Comments

Procyon wrote on 7/18/2010, 10:25 PM
I have nothing against creativity, but just out of curiosity...why is this an issue?

Normally, only the low frequecies (from all sounds) below the crossover frequency are shunted to the subwoofer.  Depending on different factors, this would generally be 80 and 150 hertz (cycles per second).  Of course, there are always exceptions.

If I understand you correctly...if you want sounds that contain frequencies higher than the normal crossover frequency, I would think you'd want a separate channel, with only those sounds, feeding a separate, stand-alone subwoofer.

But then, techinically, it would no longer be a subwoofer....would it? 
Procyon wrote on 7/19/2010, 9:26 AM
Weehlz wrote:

"...im not really familular with all the terms involeing music and whats what but i have a revolta thing i made and i want that only to play from my subwoofer while the rest of the song is just on the rest of my speakers basically i want to isolate it so i dont distort the sound in the other speakers"


Procyon responded:

I assume you are referring to a 2.1 (or 5.1, 7.1, etc.) computer speaker system? As my original answer says, what you are asking is just not possible with this kind of set-up.

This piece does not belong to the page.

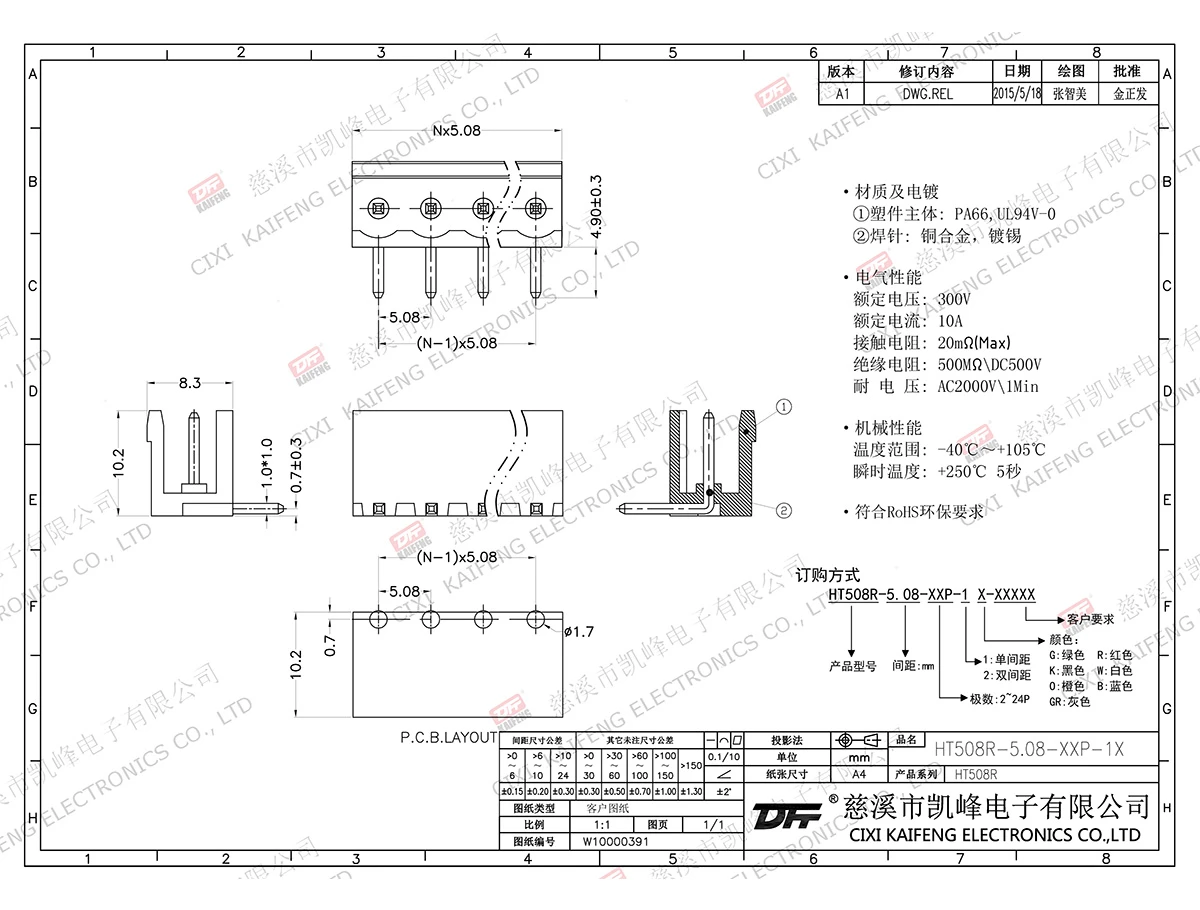 插拔式连接端子 材质电镀:材质及电镀螺丝: -触点: -焊针: 黄铜,镀锡塑件: PA66,UL94V-0电气性能ULIEC额定电压300V 320V 额定电流15A20A接触电阻20mΩ绝缘电阻500MΩ/DC500V耐电压AC2000V/1min使用线径-机械性能温度范围-40℃~+105℃ 瞬时温度+250℃, 5sec扭矩-剥线长度-
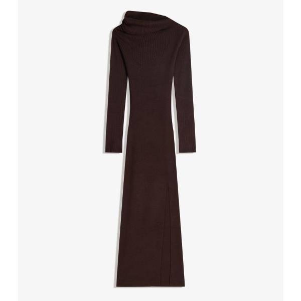 A warm-toned brown dress that hugs in all the right places. Style with chunky gold hoops, a cropped jacket, and platform boots or kitten heels for the perfect date night vibe.

It sounds to me that you need to determine why the other sounds are being distorted.
 
Is the output of the Revolta object too loud?
Are your speakers of low quality?
Is there something on these speakers that is rattling when these sounds are played?
bodazaffa111 wrote on 8/5/2011, 5:09 AM

its a wonderful filter called an EQ

Procyon wrote on 8/5/2011, 10:19 AM

"its a wonderful filter called an EQ"

That ASSUMES he wanted to alter the sound to force it to play only through the subwoofer, which is not likely and not what he asked.

Depending on the crossover frequency, that may be as low as 80 Hz or less.